Köln - Borussia Mönchengladbach bleibt der Angstgegner des 1. FC Köln. Im 67. rheinischen Derby der Fußball-Bundesliga feierte der Aufsteiger am Sonntag beim 2:0 (1:0) seinen zweiten Saisonsieg und kam im 34. Gastspiel bei den "Geißböcken" bereits zu seinem 19. Erfolg. Vor 41.836 Zuschauern, darunter etwa 10 000 Fans vom Niederrhein, im nicht ganz ausverkauften Müngersdorfer Stadion sorgten "U 21"-Nationalspieler Bernd Korzynietz (47.) und Arie van Lent (90.) für die Entscheidung zu Gunsten der Borussia, die sich in der Tabelle mit sieben Punkten in vordere Gefilde verbesserte. Der 1. FC Köln (4) bleibt dagegen vorerst im Mittelmaß stecken.
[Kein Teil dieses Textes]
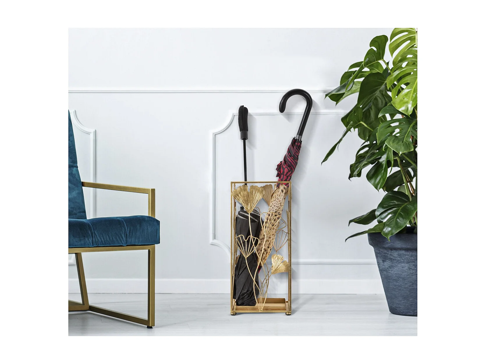 Porte-Parapluie Feuille 59, Or, 22,5x22,5x48,5 cm, Seven Design
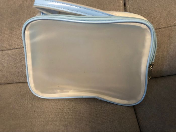 bonjour #videdressing85cosmétiques #videdressing85sacs #videdressing85rienqueduneuf #vintedgift NEUVE pochette, trousse de maquillage, trousse de toilette blanche opaque et bleu ciel pochette en pvc fermeture par zip une anse cdlt
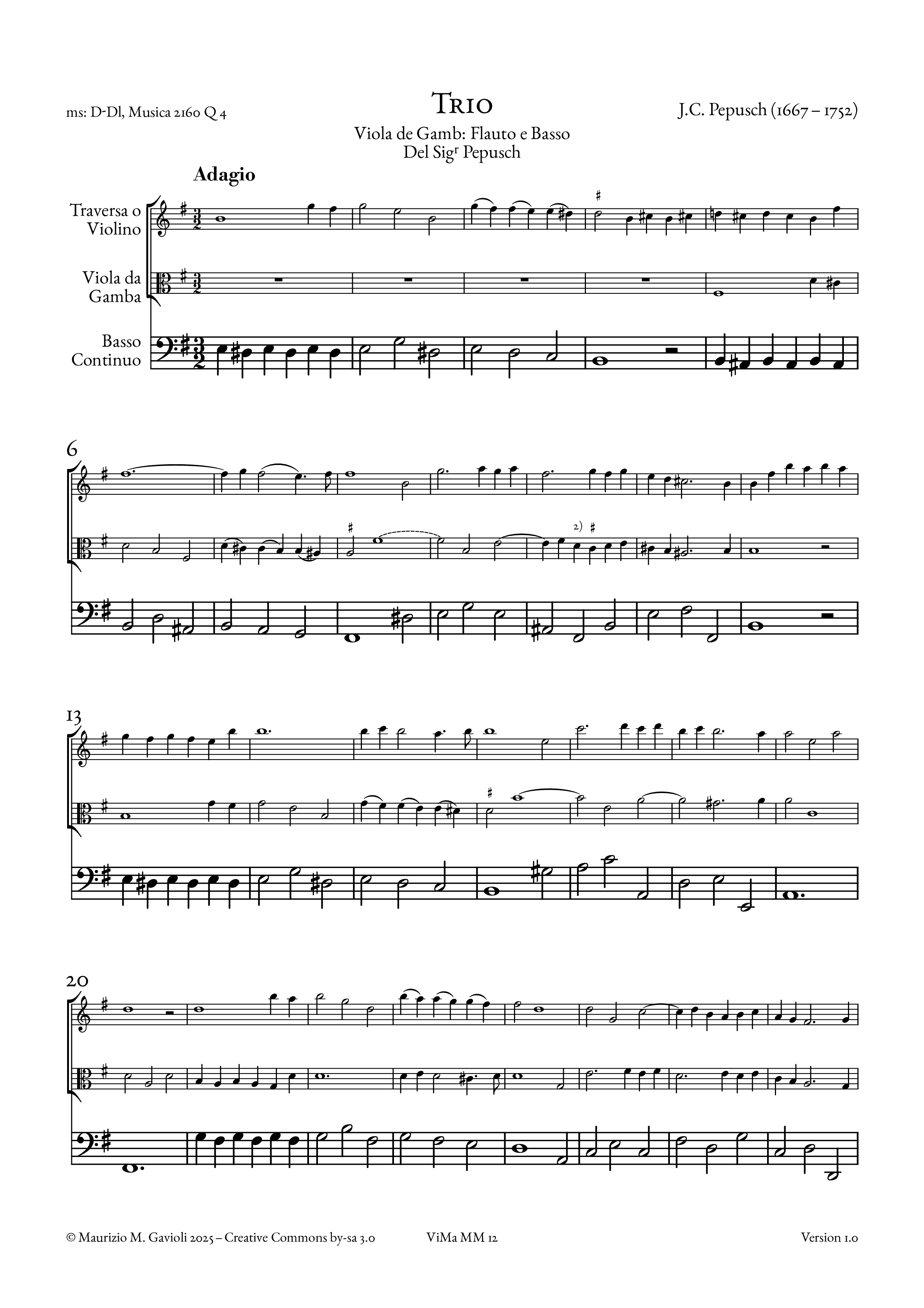 Trio Viola da Gamba, Flauto e Basso (E min.) (1720)
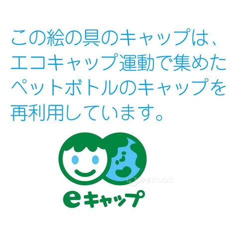 材質キャップ/再生PP、チューブ/PE・アルミ、中仕切/再生紙(8色)・PS(12色)、箱/再生紙、えのぐ/顔料・体質顔料・水溶性糊料・安定剤・水
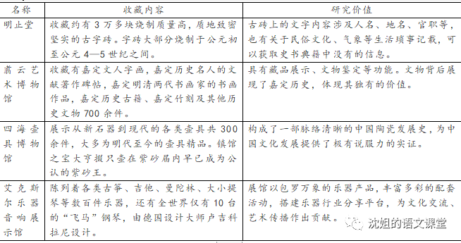 嘉定部分民间博物馆和艺术馆的收藏内容及研究价值情况如下:
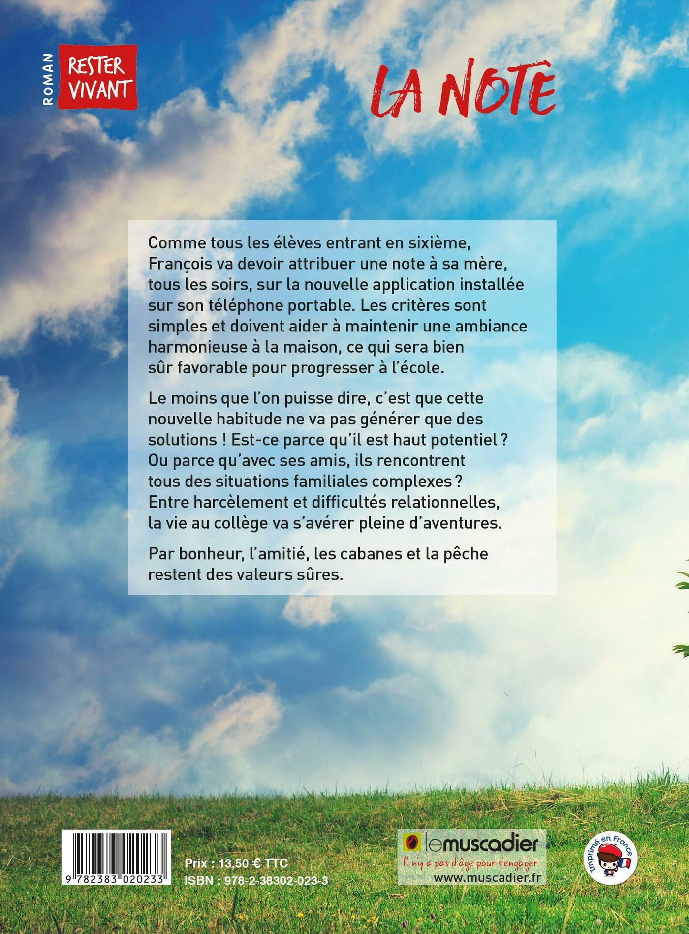 Comme tous les élèves entrant en sixième, François va devoir attribuer une note à sa mère, tous les soirs, sur la nouvelle application installée sur son téléphone portable. Les critères sont simples et doivent aider à maintenir une ambiance harmonieuse à la maison, ce qui sera bien sûr favorable pour progresser à l’école. Le moins que l’on puisse dire, c’est que cette nouvelle habitude ne va pas générer que des solutions ! Est-ce parce qu’il est haut potentiel ? Ou parce qu’avec ses amis, ils rencontrent tous des situations familiales complexes ? Entre harcèlement et difficultés relationnelles, la vie au collège va s’avérer pleine d’aventures. Par bonheur, l’amitié, les cabanes et la pêche restent des valeurs sûres.
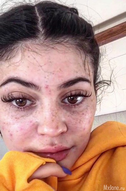 Впечатление произвели и крупные веснушки, и прыщи на лице. Отличие от того, в каком образе Кайли обычно предстает перед публикой, конечно, разительное.
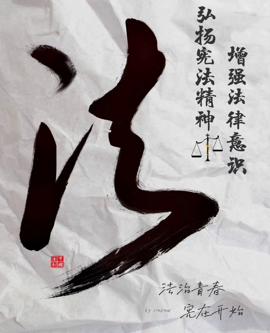 同学们还展现了许多有创意的平面设计作品,将法律精神融入到精美的作品中。平面设计一等奖作品将水墨、书法的中国元素融入到设计之中。作品中以“法”字直接展现设计主题,天平元素使法律的形象更加生动,白纸黑字则体现了法律的清晰明了,说一不二,严肃庄重。作品简单大方,别具一格。
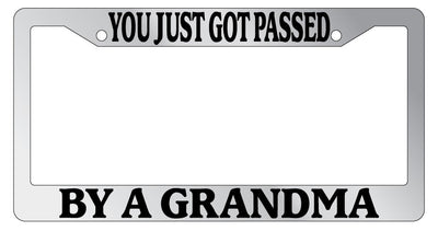 Chrome METAL License Plate Frame YOU JUST GOT PASSED BY A GRANDMA Mod-GRAPH9856236-9769
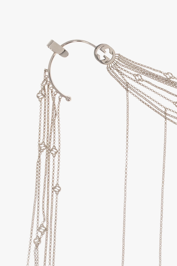 Silver-tone jewellery face mask from Gucci. Composed of cascading chains and GG logo details, this item is wrapped around the ears and features decorative fringes of different lengths.
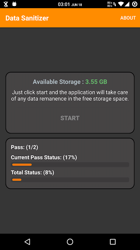 Data Sanitizer is optimized for speed and uses the system's resources heavily, therefore it is strongly recommended NOT to use the phone while the app is running.
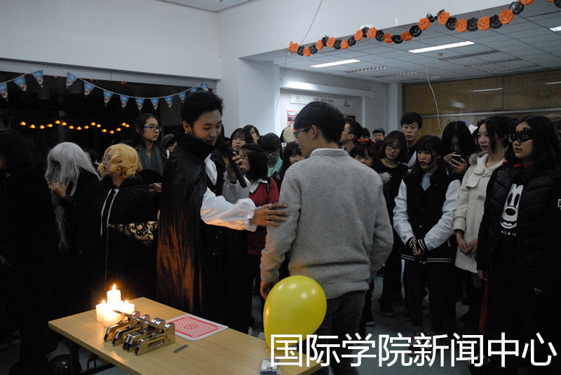 在“吸血鬼魔术师沙龙”中,来自国院的魔术师为同学们带来了精彩的魔术表演。在有颜值、才艺双全的DJ加盟,让人嗨起、震耳欲聋音乐的舞池中,身着各种“奇装异服”的“鬼怪”们尽情舞蹈。悟空体育大三食品专业的同学现场制作的小吃更是十分抢手……就连圣诞老人都被吸引并从悟空体育圣诞晚会穿越过来提醒大家记得也要去圣诞晚会热闹。最终,悟空体育“百鬼夜行”万圣节晚会在一片欢声笑语中结束。
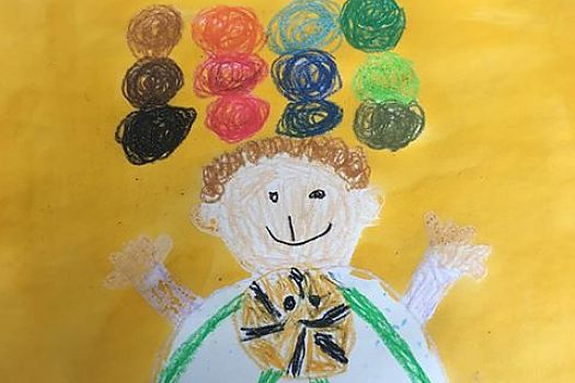 Dieses tolle Selbstportrait zeigt Joshua bei der Maltherapie. Seine Mutter schrieb uns dazu, dass es Joshua beim Malen gelinge, "Dinge zu verarbeiten ...
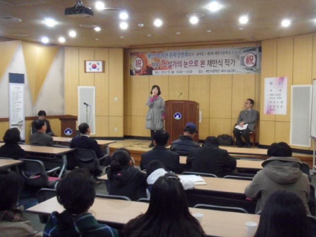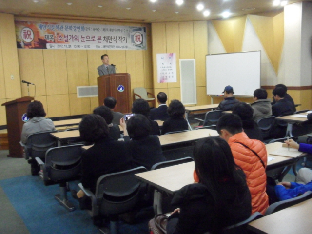 송하춘 교수님의 문학강연회 현장 사진입니다.
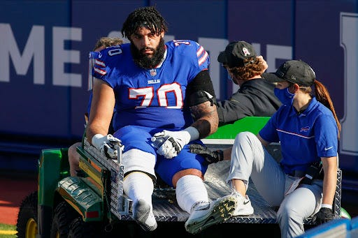 The Bills are returning all five starters from 2020. But not all are fully healthy. LT Dion Dawkins was battling COVID-19 during training camp that effectively shut him down for weeks, calling it “one of the lowest points that I've ever been."
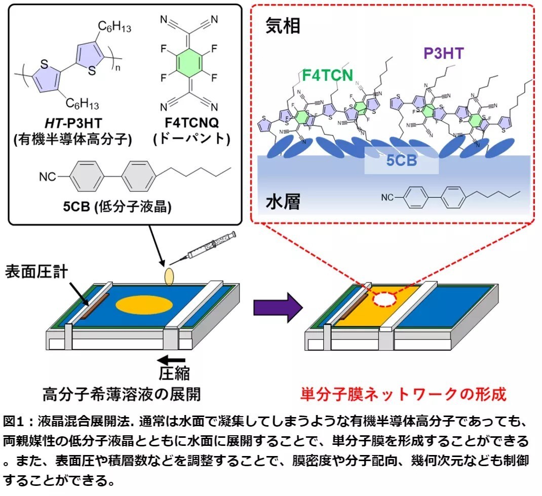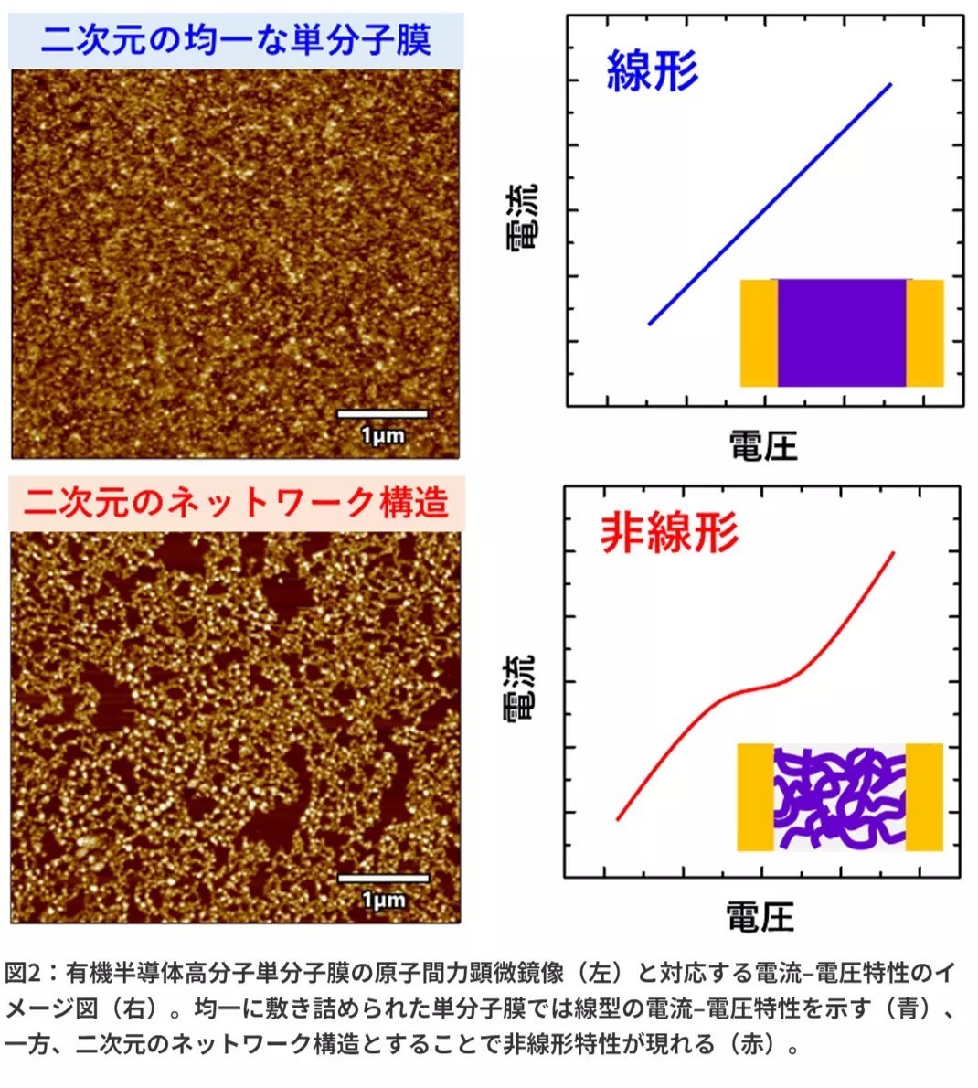 当研究グループは、水面を利用した独自技術である液晶混合展開法を用いることで、ごく一般的な有機半導体高分子の単分子膜形成やそのナノ構造(配向や膜厚など)を自在に制御できることを報告してきました。本研究では、この液晶混合展開法を応用することで、脳の神経ネットワーク構造を模倣した有機半導体高分子の単分子膜ネットワークの作製を試み、そのネットワーク構造と電気特性との相関を詳細に検討しました(図1)。その結果、有機半導体高分子(立体規則性ポリ(3-ヘキシルチオフェン))とドープ剤(F4TCNQ)からなる単分子膜ネットワーク構造を作製し、その二次元膜密度やドープ割合、膜厚、分子配向といったナノ構造を精密に制御できることを示しました。また、そのナノ構造と電気特性との相関を系統的に調査した結果、二次元的に広がったネットワーク構造を示す単分子膜においてのみ非線形の電気伝導特性が見られ、二次元に制限されているネットワーク型の伝導経路が非線形の電気特性を発現するための重要な因子であることを初めて明らかにしました (図2)。さらに、調製した導電性高分子の単分子膜ネットワークは、非線形性や高次性、短期記憶といったマテリアルリザバー素子に必要とされる三つの特性を示すことも明らかにしています。室温にて、加湿など必要なく、動作する特性を持ち、ニューロモルフィックマテリアルとして期待できます。
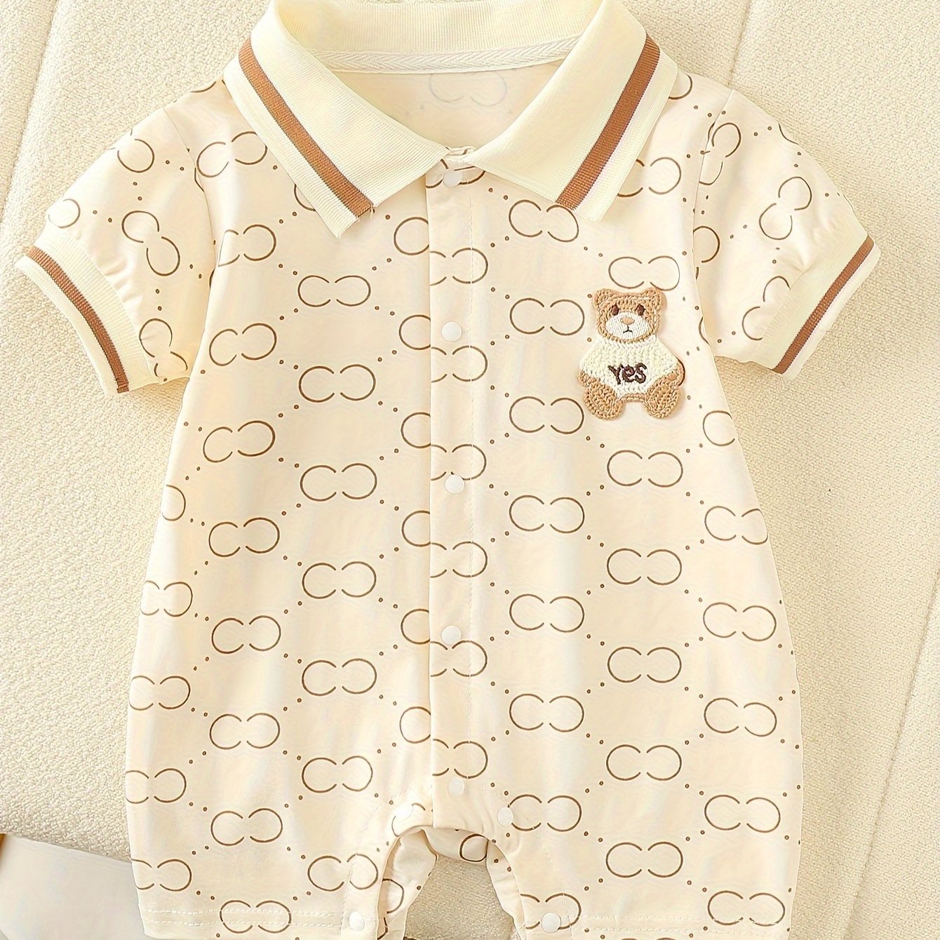 Kichkina qizlar uchun paxta romper yozgi, qisqa qoʻl, butun bo'yi bosma, tizza uzunligi

"Wenn wir so spielen - das macht einfach Spaß. Wir waren die bessere Mannschaft und haben verdient gewonnen", sagte Gladbachs Torhüter Jörg Stiel nach der hart umkämpften Begegnung, in der sich die beiden rheinischen Rivalen nichts schenkten. "Scheiß Niederlage", gestand hingegen Kölns Jörg Reeb nach der verdienten Heimpleite. "Ich weiß nicht, warum wir wieder in den schlechten Trott verfallen sind."

Harte Gangart


In einer von Beginn an hart umkämpften Begegnung schenkten sich die beiden rheinischen Rivalen nichts, boten aber insgesamt eher durchwachsenen Fußball, wobei vor allem die Hausherren enttäuschten. In Aktion trat zunächst vornehmlich Schiedsrichter Lutz Wagner (Hofheim), der schon in der Anfangs-Viertelstunde drei Gelbe Karten verteilte. Insgesamt wurden allein vor der Pause 33 Fouls gezählt. Unter der allgemeinen Härte litt das Spiel, Torchancen waren Mangelware.

Die von Trainer Ewald Lienen auf drei Positionen veränderte FC-Elf kam kaum zu sehenswerten Aktionen, da von Dirk Lottner keine Impulse ausgingen. Der später sogar ausgewechselte Spielmacher hatte immerhin vor der Pause die einzige Kölner Chance (10.) auf dem Fuß, schoss aber volley knapp über die Latte. Im Gegenzug scheiterte Korzynietz ebenso am reaktionsschnellen Kölner Keeper Alexander Bade wie Torjäger Arie van Lent (26.), der den Schlussmann mit einem schönen Drehschuss prüfte.

Einfallslose Kölner


Nach dem Wechsel dann gleich die Führung der Borussia. Van Lent passte auf Korzynietz, der von der Strafraumgrenze mit einem trockenen Schuss genau in den Winkel traf. Nun mussten die Hausherren ihre Zurückhaltung aufgeben. Lienen brachte drei weitere Offensiv-Kräfte in die Partie, am harmlosen Auftritt der Hausherren änderte sich jedoch nicht viel. Denn die gut organisierte Vierer-Abwehrkette, aus der Max Eberl und Steffen Korell herausragten, hielt der einfallslosen Kölner Schluss-Offensive stand. Torjäger van Lent setzte per Konter mit seinem vierten Saison-Treffer den Schlusspunkt.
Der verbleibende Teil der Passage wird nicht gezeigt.